Step 3. Check program Startup
- Press Ctrl + Shift + Esc on your keyboard to open Windows Task Manager.
- Go to Startup tab.
- Right-click on the suspicious program and pick Disable.
Step 4. Delete virus files
Malware-related files can be found in various places within your computer. Here are instructions that could help you find them:
- Type in Disk Cleanup in Windows search and press Enter.
- Select the drive you want to clean (C: is your main drive by default and is likely to be the one that has malicious files in).
- Scroll through the Files to delete list and select the following:
Temporary Internet Files
- Pick Clean up system files.
- You can also look for other malicious files hidden in the following folders (type these entries in Windows Search and press Enter):
After you are finished, reboot the PC in normal mode.
Finally, you should always think about the protection of crypto-ransomwares. In order to protect your computer from Kwampirs malware and other ransomwares, use a reputable anti-spyware, such as ReimageIntego, SpyHunter 5Combo Cleaner or Malwarebytes
How to prevent from getting Kwampirs malware
Access your website securely from any location
When you work on the domain, site, blog, or different project that requires constant management, content creation, or coding, you may need to connect to the server and content management service more often. The best solution for creating a tighter network could be a dedicated/fixed IP address.
If you make your IP address static and set to your device, you can connect to the CMS from any location and do not create any additional issues for the server or network manager that needs to monitor connections and activities. VPN software providers like Private Internet Access can help you with such settings and offer the option to control the online reputation and manage projects easily from any part of the world.

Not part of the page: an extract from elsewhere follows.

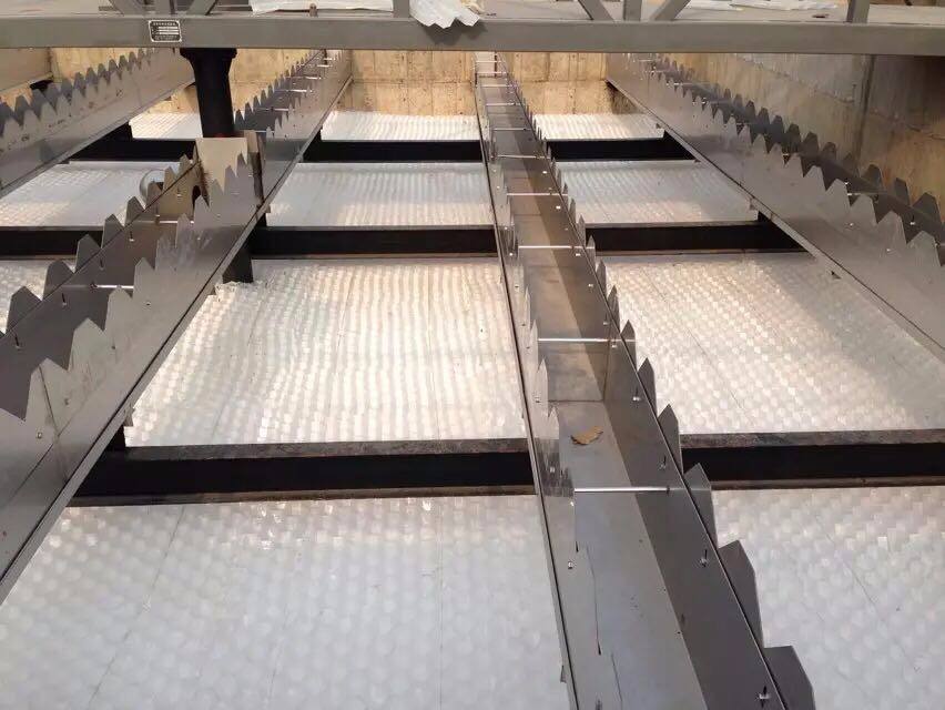 傾斜角度調(diào)整為0、5、20、35、40、45、60和90度。保持液壓平衡,合理規(guī)劃處理負載的斜管或斜板可以改善外部負載率到100-200%的情況下保證污水質(zhì)量,結(jié)果表明,傾斜45-60度時沉積能力最高,沉積顆粒的“自凈”效果較強。但在寒冷地區(qū),斜管的最大外部負載率應(yīng)控制在5-6.3m/h,和溫暖的熱帶地區(qū)不應(yīng)超過7.5--8.8m/h的規(guī)模。

Recover files after data-affecting malware attacks
While much of the data can be accidentally deleted due to various reasons, malware is one of the main culprits that can cause loss of pictures, documents, videos, and other important files. More serious malware infections lead to significant data loss when your documents, system files, and images get encrypted. In particular, ransomware is is a type of malware that focuses on such functions, so your files become useless without an ability to access them.
Even though there is little to no possibility to recover after file-locking threats, some applications have features for data recovery in the system. In some cases, Data Recovery Pro can also help to recover at least some portion of your data after data-locking virus infection or general cyber infection.